YOUR OBJECTIVE:
From the line with "Fitted, sleeveless top" down to the final line of the material, please transcribe everything exactly, but leave the pictures out.

INFORMATION SUPPLIED:
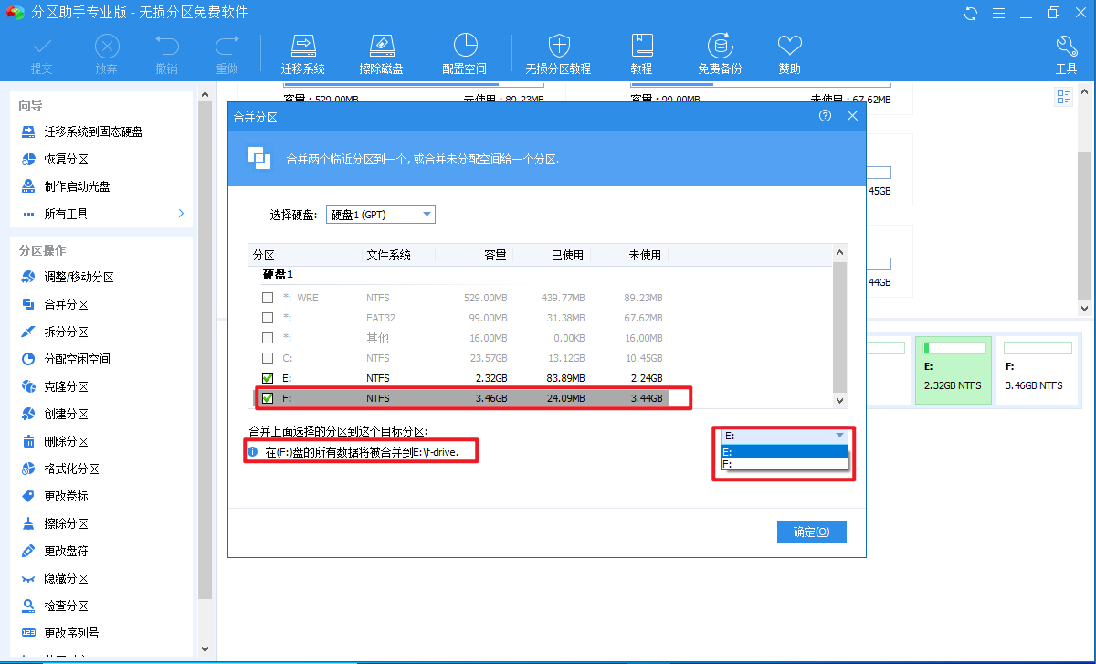 弹出窗口,勾选需要合并的另一个分区(F盘),然后选择目标分区(E盘),这里会有提示,F盘的所有数据将被合并到E:\\f-drive文件夹,点击确定,
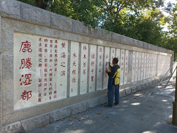 潤都公園主入口的特色浮雕景墻上嵌有“鶴舞東方”、“鹿騰濕都”等字樣,設(shè)計(jì)方案充分融入鹽城地方元素,以“鶴”、“鹿” 為主題,結(jié)合優(yōu)雅靈動(dòng)的浮雕畫,突出鹽城濕地廣闊、物種豐富、生態(tài)良好的特點(diǎn),充分體現(xiàn)了鹽城自然環(huán)境的優(yōu)越性。 美景共賞,更需要共同去維護(hù)。近日,公園工作人員對東門入口特色浮雕景墻和北門入口景觀石進(jìn)行清洗打磨、破損修復(fù)、字樣出新等處理。翻新工作保護(hù)了經(jīng)自然侵蝕的磨損景觀,改變了長久以來暗淡的色彩,也提升了公園入口景觀效果。
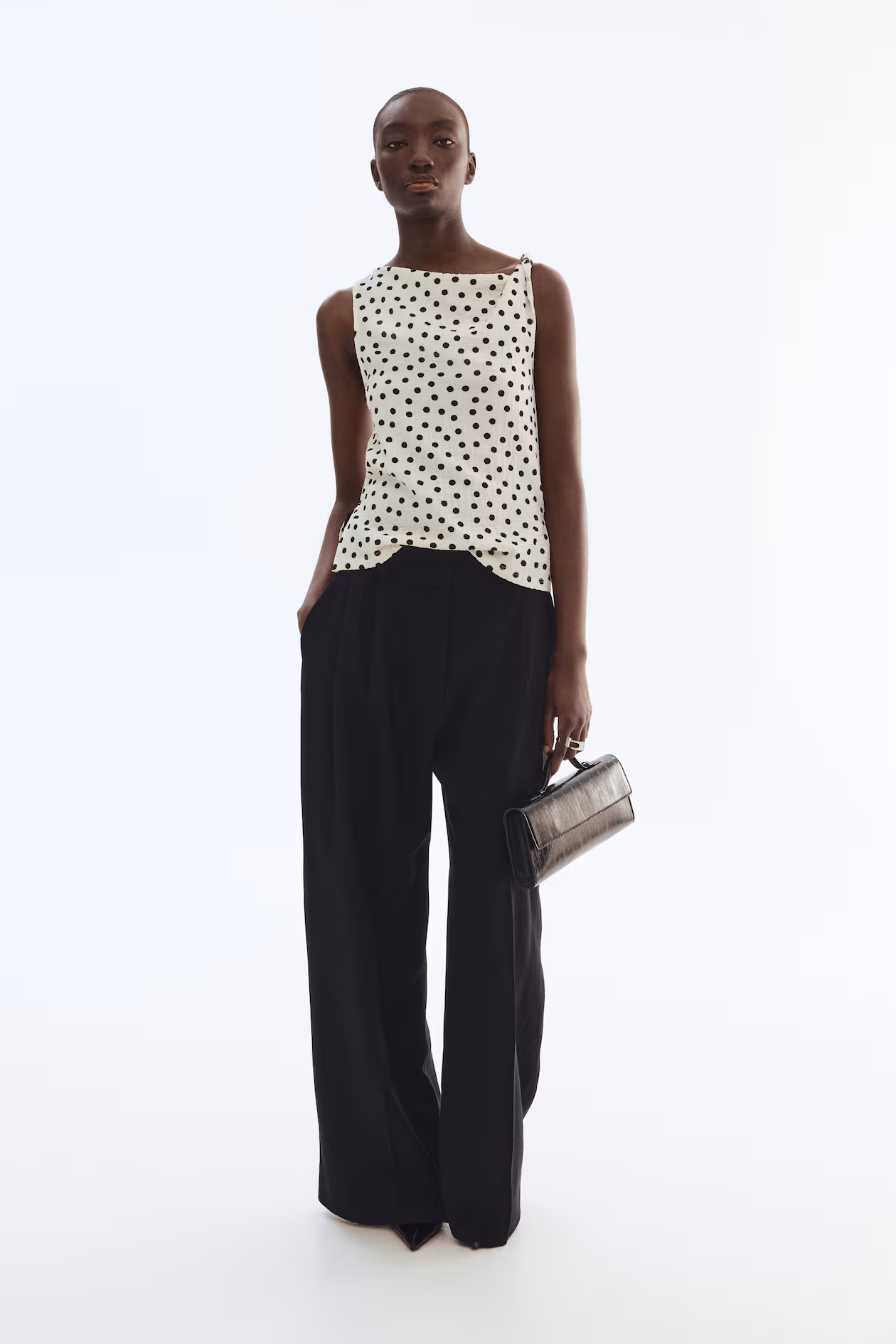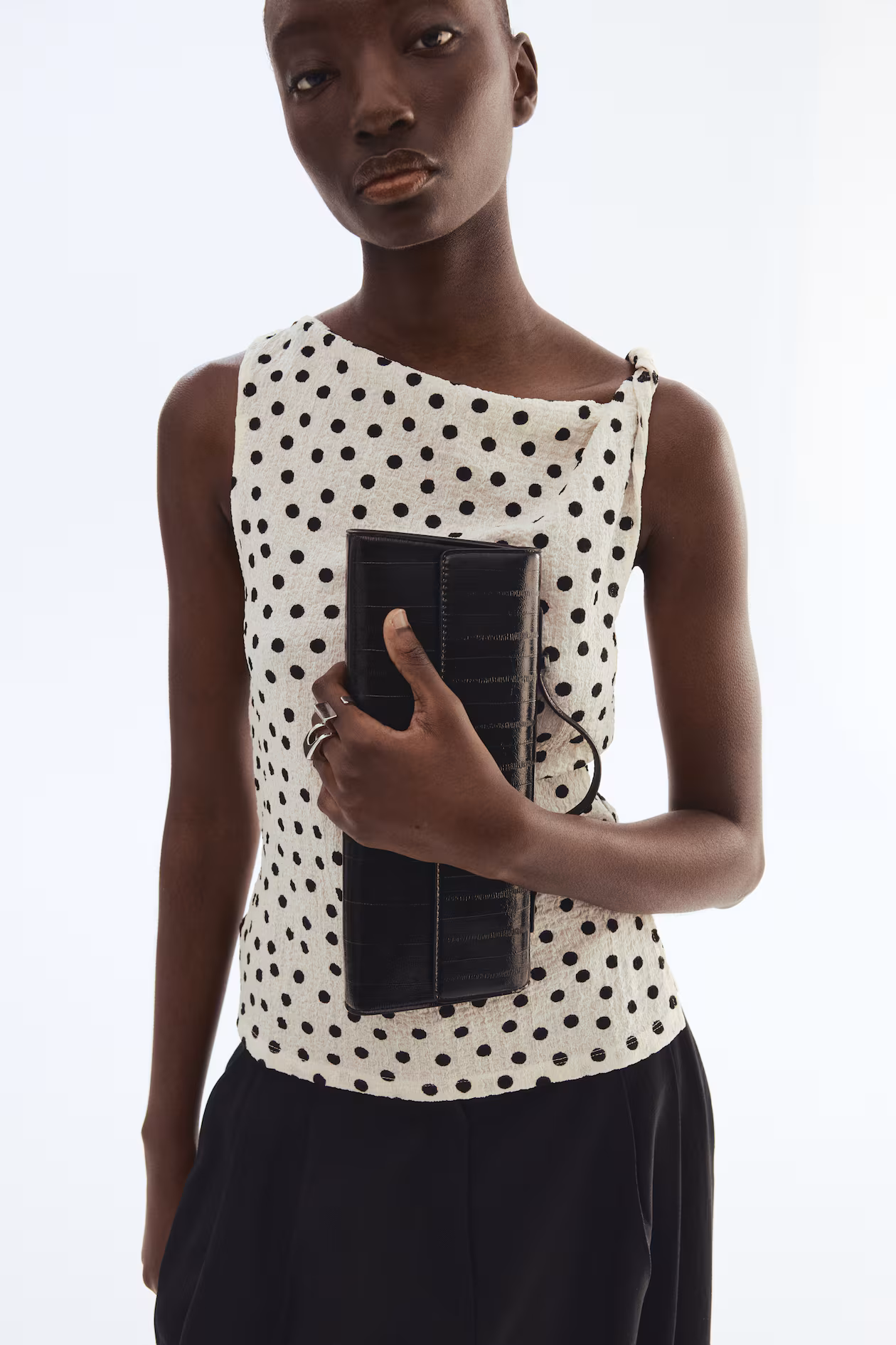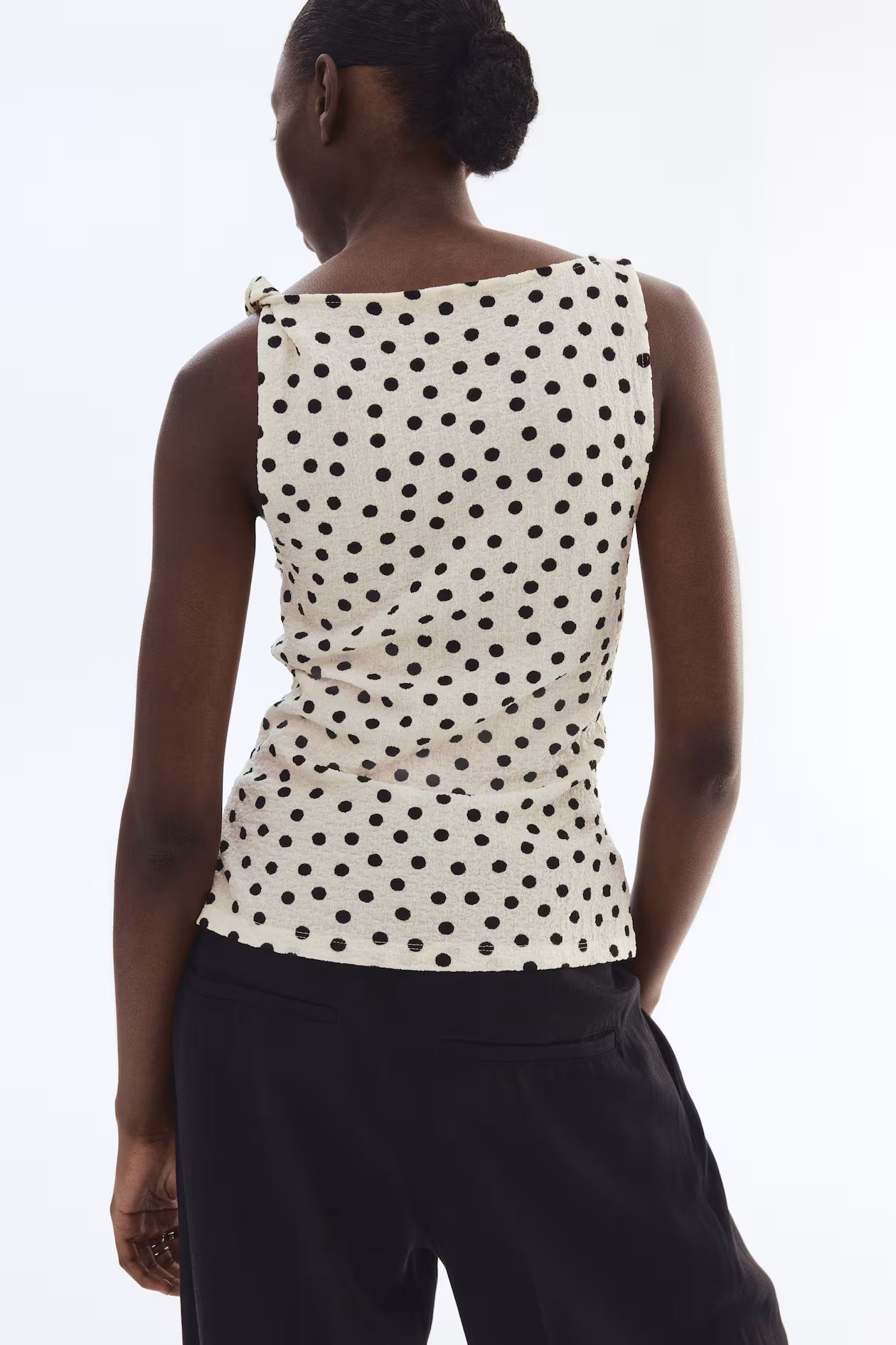 Fitted, sleeveless top in textured jersey with an asymmetric neckline. Twisted shoulder strap for a gently draped effect.
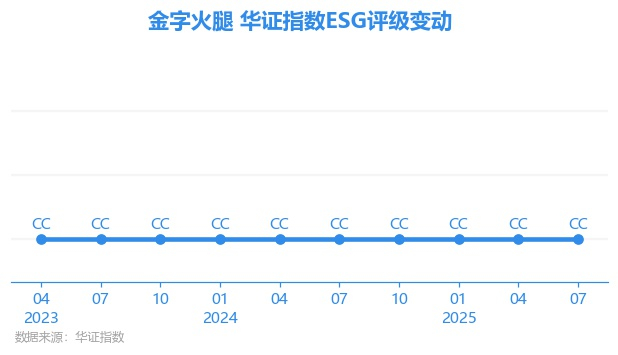 日前,华证指数公布了新一期(2025年7月31日)的ESG评级结果,金字火腿(002515.SZ)获得CC评级(华证指数评级为C起至AAA九档,C为最低档,AAA为其最高一级评级/AA为其第二档),上一期(2025年4月30日)ESG评级为CC。本期ESG评级在156家食品行业A股上市公司中排名第90(上一期排名第129)。

ANSWER TO THIS PROBLEM:
 Fitted, sleeveless top in textured jersey with an asymmetric neckline. Twisted shoulder strap for a gently draped effect.
 日前,华证指数公布了新一期(2025年7月31日)的ESG评级结果,金字火腿(002515.SZ)获得CC评级(华证指数评级为C起至AAA九档,C为最低档,AAA为其最高一级评级/AA为其第二档),上一期(2025年4月30日)ESG评级为CC。本期ESG评级在156家食品行业A股上市公司中排名第90(上一期排名第129)。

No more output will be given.